Musings: I appreciated the unique locale of this novel, which is rare to find in YA novels (at least those I’ve read). Although set in a futuristic society (for example, machines magically create food you want, a la Star Trek), the story takes place in Zimbabwe and incorporates many Zimbabwean traditions and customs in the book. Farmer is a white American, but she lived in Zimbabwe for a number of years, so there’s a sense that the book has at least some truth to that society.

I found the book, though, a bit disjointed. I couldn’t quite piece together the society Farmer had created nor did I feel especially connected to the characters. At first, I thought it was because the book was designed for a much younger audience (perhaps late elementary/early middle school years), but I’m not sure that’s the case as there was some more serious subject matter later in the novel.

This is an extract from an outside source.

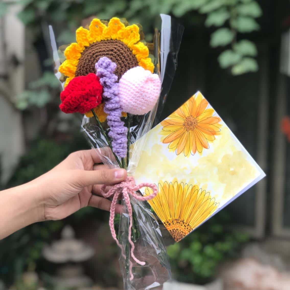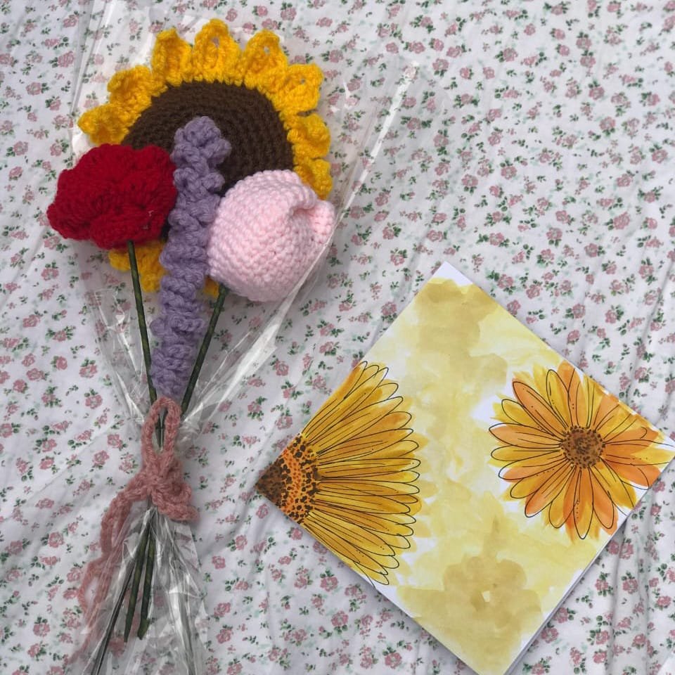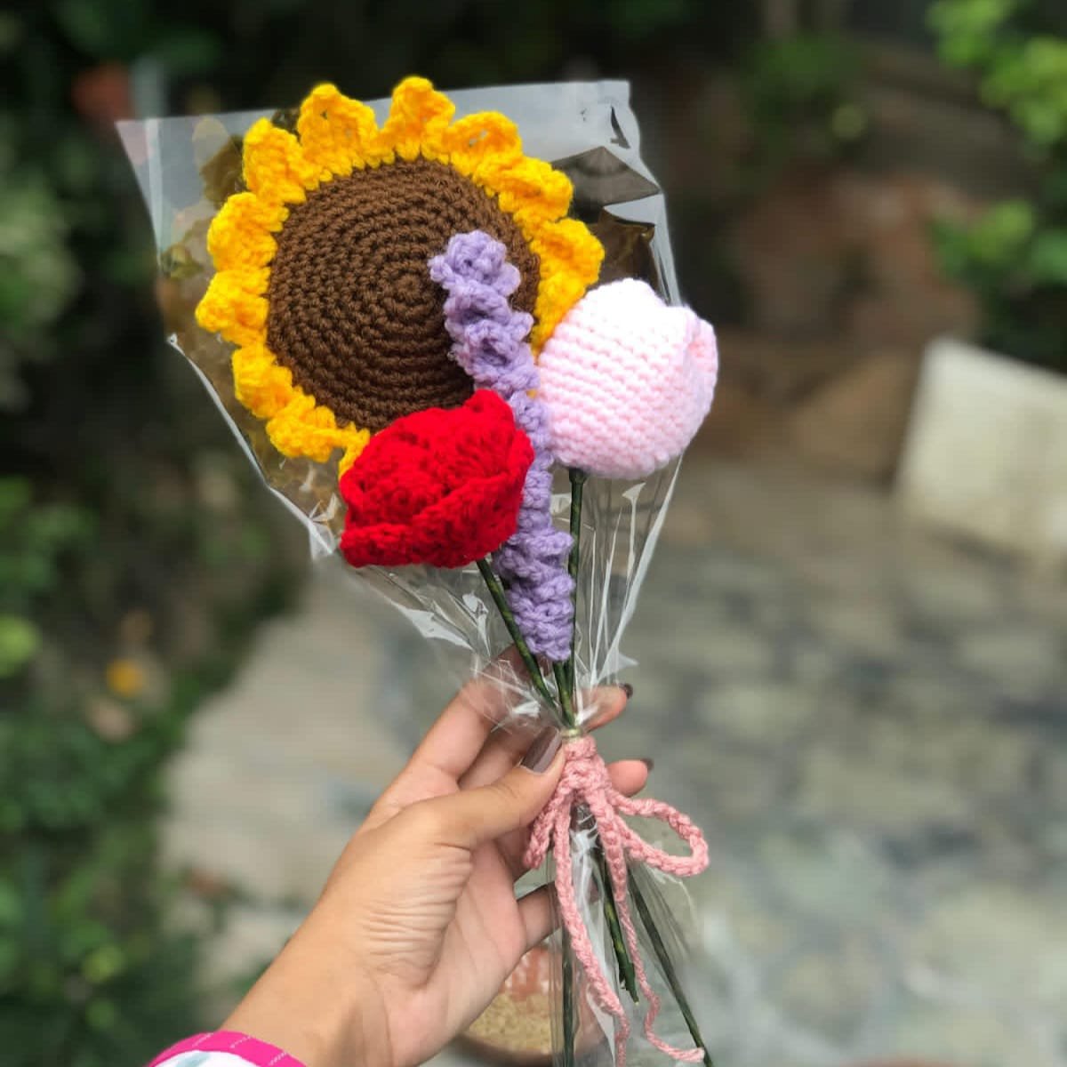 Celebrate diversity with this Handcrafted Mixed Bloom Bouquet, featuring a crocheted sunflower, red rose, pink tulip, and purple flower, all wrapped in clear cellophane and tied with a soft pink ribbon. A vibrant and unique handmade gift for any occasion.

Perhaps it was because the odyssey of the children felt slapped together rather than following a real journey pattern. The children travel from strange place to strange place, just a step ahead of those searching for them, but nothing seemed to actually happen.

I was most confused by the trio of detectives. In my mind, they were some of the worst detectives ever created. Although possessing strange powers, they were completely inept. I would have written them off as buffoons, but the novel had the other characters react to them in a way that seemed to portray them as admirable and competent. I was unsure what impression Farmer wanted us to have of the men.

The book has some good messages about there being positive qualities in each person, although that message is not fully explored. All ends are happily wrapped up by the end of the novel, despite some serious issues being mentioned, but not explored (for example, cultural traditions vs. modern moralities).